Re: [PATCH] sched/fair: Do not scan non-movable tasks several times

From: Konstantin Khorenko
Date: Mon Dec 25 2023 - 10:18:05 EST


On 18.12.2023 17:48, Vincent Guittot wrote:
On Thu, 14 Dec 2023 at 15:42, Konstantin Khorenko
<khorenko@xxxxxxxxxxxxx> wrote:

If busiest rq is small, nr_running < SCHED_NR_MIGRATE_BREAK and all
tasks are not movable, detach_tasks() should not iterate more than tasks
available in the busiest rq.

Previously the (env->loop > env->loop_max) condition prevented us from

It's usually better to give the commit directly when we know it :
Before commit : b0defa7ae03e ("sched/fair: Make sure to try to detach
at least one movable task"),
the (env->loop > env->loop_max) condition prevented us from ...

You are definitely right, added.

scanning non-movable tasks more than rq size times, but after we start
checking the LBF_ALL_PINNED flag, the "all tasks are not movable" case
is under threat.


Fixes: b0defa7ae03e ("sched/fair: Make sure to try to detach at least
one movable task")

Added this too, thank you.

Signed-off-by: Konstantin Khorenko <khorenko@xxxxxxxxxxxxx>
---
kernel/sched/fair.c | 7 ++++++-
1 file changed, 6 insertions(+), 1 deletion(-)

diff --git a/kernel/sched/fair.c b/kernel/sched/fair.c
index d7a3c63a2171..faa2a765e899 100644
--- a/kernel/sched/fair.c
+++ b/kernel/sched/fair.c
@@ -11219,7 +11219,6 @@ static int load_balance(int this_cpu, struct rq *this_rq,
.dst_rq = this_rq,
.dst_grpmask = group_balance_mask(sd->groups),
.idle = idle,
- .loop_break = SCHED_NR_MIGRATE_BREAK,
.cpus = cpus,
.fbq_type = all,
.tasks = LIST_HEAD_INIT(env.tasks),
@@ -11265,6 +11264,12 @@ static int load_balance(int this_cpu, struct rq *this_rq,
* correctly treated as an imbalance.
*/
env.loop_max = min(sysctl_sched_nr_migrate, busiest->nr_running);
+ /*
+ * If busiest rq is small, nr_running < SCHED_NR_MIGRATE_BREAK
+ * and all tasks are not movable, detach_tasks() should not
+ * iterate more than tasks available in rq.
+ */
+ env.loop_break = min(SCHED_NR_MIGRATE_BREAK, busiest->nr_running);

Should it be after more_balance: ?
In case we do "more_balance:" on a new_dst_cpu and it ends up that
finally there is no more movable task as we released the lock of
busiest rq in the meantime ?

Well, both yes and no here.
If we simply move the env.loop_break assignment after "more_balance" label,
we will break the handling LBF_NEED_BREAK case.
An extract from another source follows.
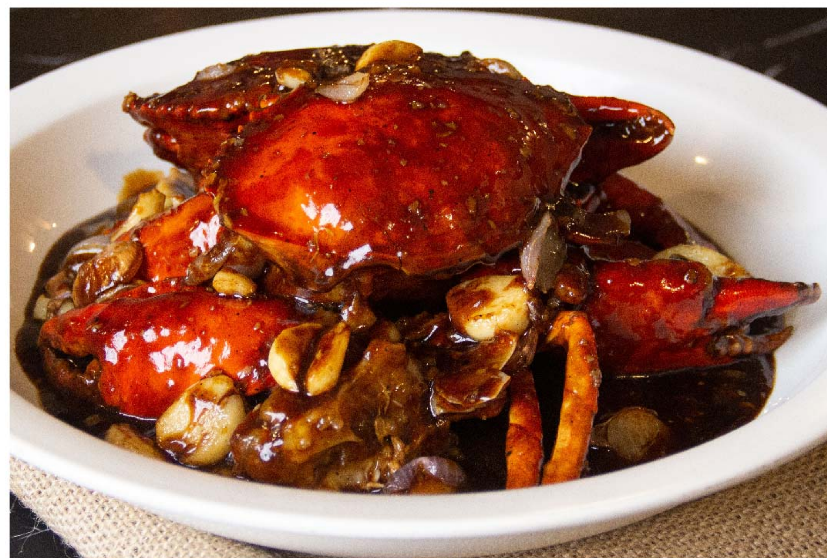
红葱头黑胡椒炒蟹 KEPITING LADA HITAM RP/时价

图片仅供参考·菜品请以实物为准 Harga belum termasuk pajak 10% dan layanan 5%

But you are right, the new_dst_cpu case should also not just reset loop_break to SCHED_NR_MIGRATE_BREAK, but do the same min() calculation.

So i've added one more label before the env.loop_break = min(...) and used it in
the new_dst_cpu case.

Also you can remove one more superfluous init of loop_break:

Yep, dropped it, thank you.

--- a/kernel/sched/fair.c
+++ b/kernel/sched/fair.c
@@ -11361,7 +11361,6 @@ static int load_balance(int this_cpu, struct
rq *this_rq,
*/
if (!cpumask_subset(cpus, env.dst_grpmask)) {
env.loop = 0;
- env.loop_break = SCHED_NR_MIGRATE_BREAK;
goto redo;
}
goto out_all_pinned;


more_balance:
rq_lock_irqsave(busiest, &rf);
--
2.39.3